Qualitative data is not as scientific as Quantitative data

Describe the image above

 

The answer you gave to  the question above produces qualitative data. Researchers, are able to interpret a participant’s beliefs and opinions when using this method. Whereas a simple closed question like “Is this a picture of a cake?” produces answers which need to be coded or categorised numerically (Willig, 2009). This produces quantitative data. Studies which generate qualitative or quantitative data are both valid scientific research methods. The only difference is, qualitative methods requires a more creative mind to understand findings and is more time consuming to analyse. Quantitative measures produces data which is more ridged in terms of interpretation. This is a less hands on approach to data collection, in comparison to qualitative research methods.

Many people feel that using qualitative methods, means your data is not as scientific as experimental methods. However, just like quantitative methods, the validity of the data obtained is checked.  Elliott et al. (1995) state the only difference in evaluating these different types of data, is the approach used. Instead of using a statistical analysis to judge the validity of an experiment, Qualitative researchers refer to their colleagues, to judge the credibility and validity of their research.

The primary downfall of qualitative measures is that many meaningful pieces of information obtained can be lost in translation. No matter how hard a researcher tries not to impose their own meaning of data when analysing it, the idea of objectivity in this method is more of an ideal rather than a reality. In order to prevent this Elliott et al. (1999) developed a list of criterion so that the reader is aware of the researcher’s interpretation at all times.
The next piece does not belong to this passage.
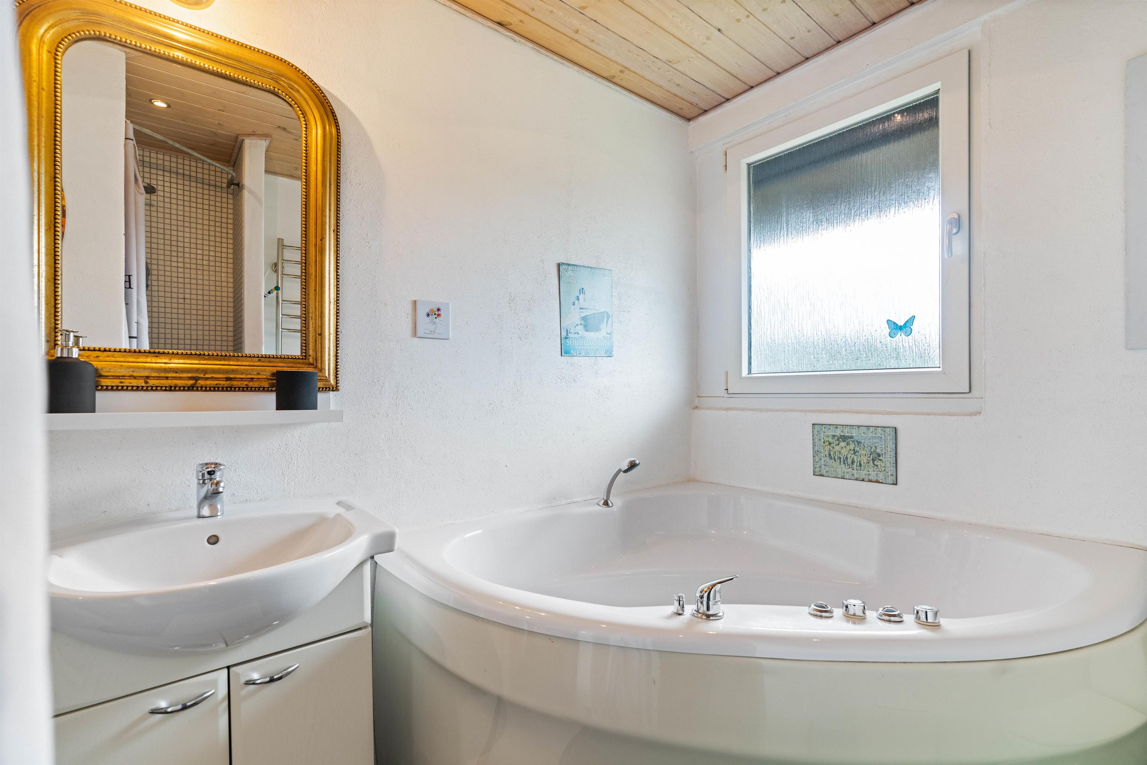 The bathroom features a corner whirlpool, perfect for hours of relaxation. Both adults and children will enjoy spending time in the whirlpool.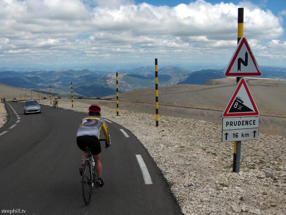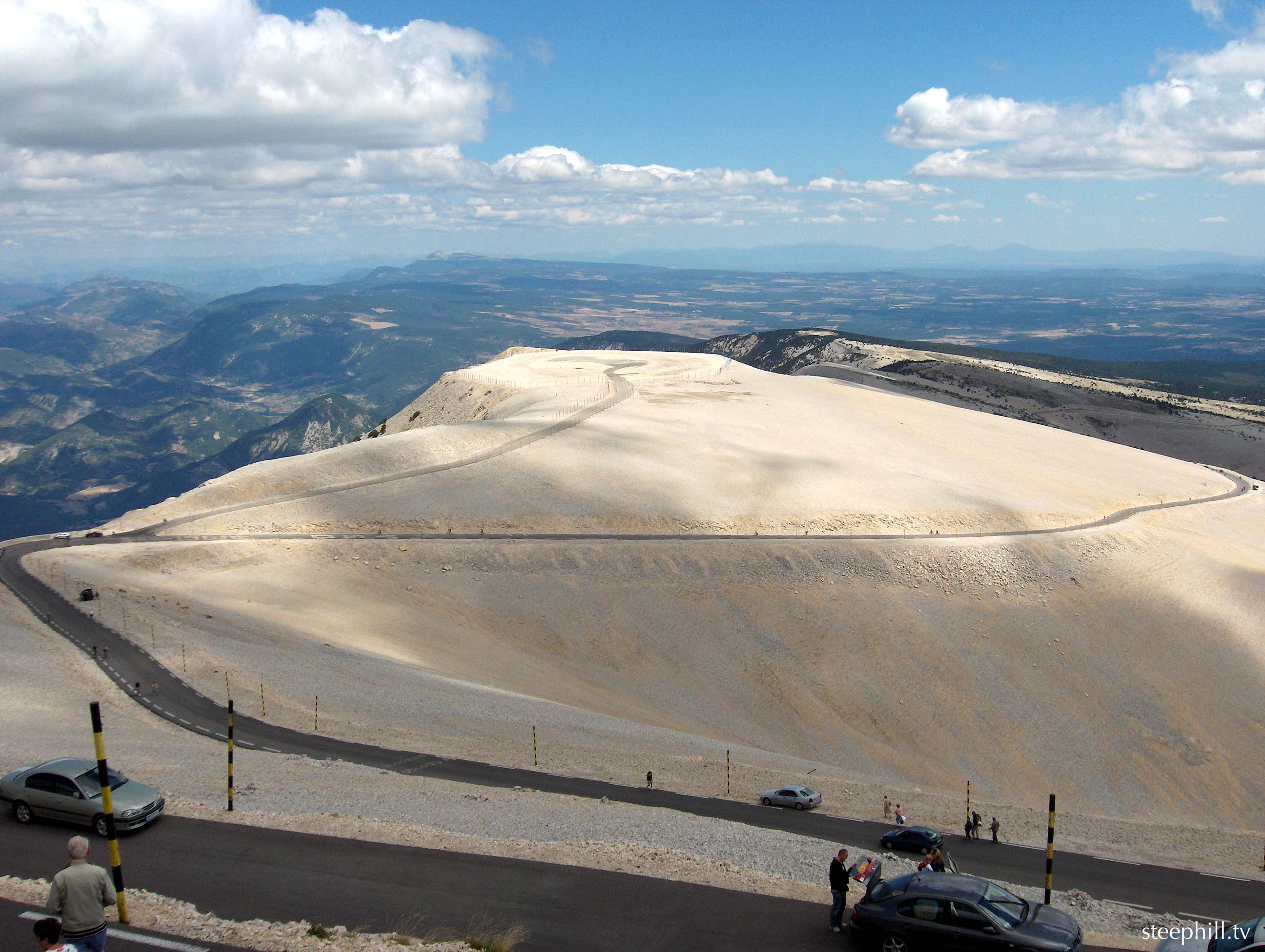 Looking down from the top. Ventoux looks snow-capped in mid-summer

The most common reason to why quantitative measures is deemed more scientific, is because of the use of statistical packages like SPSS to analyse data. But it should be remembered that this is a computerised tool used to understand data and doesn’t have the creative ability to interpret the conclusions drawn. Qualitative measures are able to withstand the effects of outliers  (Willig, 2008) as they’re able to theorize and interpret the contradictions found in a data. By paying attention to these anomalies found in results, qualitative methods are able to produce a complete understanding of the phenomenon. Making this type of research, necessary to scientific investigation. After all, if I just told you, I’m giving you a cake, your mind automatically wonders to all the possibilities of the type of cake you would receive. As with this, scientific research should not just simple state whether a study is significant, it should also state why this occurs and qualitative data allows researchers to do so.